Data section:
::::::::::

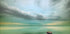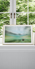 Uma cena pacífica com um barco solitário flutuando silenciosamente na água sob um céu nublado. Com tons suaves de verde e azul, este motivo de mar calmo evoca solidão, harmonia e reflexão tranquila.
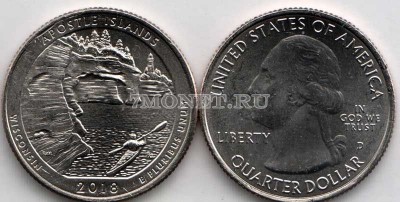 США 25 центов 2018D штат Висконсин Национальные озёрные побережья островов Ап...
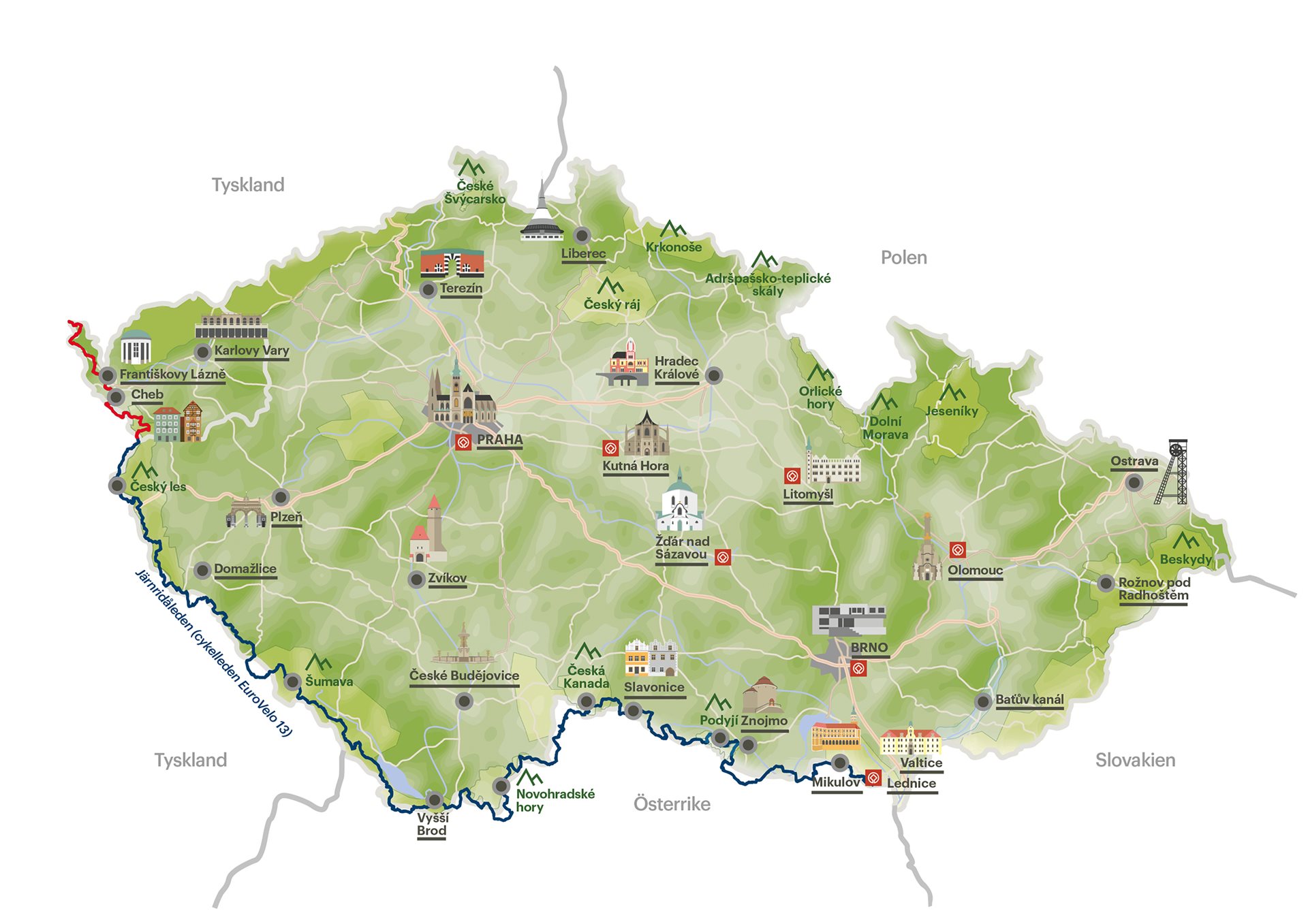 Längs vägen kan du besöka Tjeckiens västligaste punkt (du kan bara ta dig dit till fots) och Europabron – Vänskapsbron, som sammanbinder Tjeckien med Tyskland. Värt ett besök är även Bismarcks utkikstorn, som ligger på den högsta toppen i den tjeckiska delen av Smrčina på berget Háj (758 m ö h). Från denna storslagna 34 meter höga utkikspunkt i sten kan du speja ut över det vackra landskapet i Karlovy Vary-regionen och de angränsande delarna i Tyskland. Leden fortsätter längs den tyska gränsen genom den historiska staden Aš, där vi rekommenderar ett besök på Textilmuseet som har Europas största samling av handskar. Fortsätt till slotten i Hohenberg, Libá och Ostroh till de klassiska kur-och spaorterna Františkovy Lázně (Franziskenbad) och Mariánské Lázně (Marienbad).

::::::::::

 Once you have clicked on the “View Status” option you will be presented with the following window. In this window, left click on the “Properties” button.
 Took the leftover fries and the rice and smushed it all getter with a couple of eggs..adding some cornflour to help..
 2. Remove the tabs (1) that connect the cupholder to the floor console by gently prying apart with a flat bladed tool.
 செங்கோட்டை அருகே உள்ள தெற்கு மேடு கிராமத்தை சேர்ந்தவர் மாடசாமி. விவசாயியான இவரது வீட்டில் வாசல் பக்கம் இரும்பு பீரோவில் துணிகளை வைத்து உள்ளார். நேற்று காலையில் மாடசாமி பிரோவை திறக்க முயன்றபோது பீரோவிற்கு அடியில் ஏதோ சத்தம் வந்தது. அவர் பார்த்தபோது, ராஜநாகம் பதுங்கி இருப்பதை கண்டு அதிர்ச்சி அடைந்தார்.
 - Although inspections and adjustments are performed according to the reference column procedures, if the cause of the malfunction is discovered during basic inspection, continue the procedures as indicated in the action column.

::::::::::

Copy range, inclusive: the line holding "Took the leftover" to the line holding "- Although inspections". Reproduce exactly those lines of the records above and no others.

 Took the leftover fries and the rice and smushed it all getter with a couple of eggs..adding some cornflour to help..
 2. Remove the tabs (1) that connect the cupholder to the floor console by gently prying apart with a flat bladed tool.
 செங்கோட்டை அருகே உள்ள தெற்கு மேடு கிராமத்தை சேர்ந்தவர் மாடசாமி. விவசாயியான இவரது வீட்டில் வாசல் பக்கம் இரும்பு பீரோவில் துணிகளை வைத்து உள்ளார். நேற்று காலையில் மாடசாமி பிரோவை திறக்க முயன்றபோது பீரோவிற்கு அடியில் ஏதோ சத்தம் வந்தது. அவர் பார்த்தபோது, ராஜநாகம் பதுங்கி இருப்பதை கண்டு அதிர்ச்சி அடைந்தார்.
 - Although inspections and adjustments are performed according to the reference column procedures, if the cause of the malfunction is discovered during basic inspection, continue the procedures as indicated in the action column.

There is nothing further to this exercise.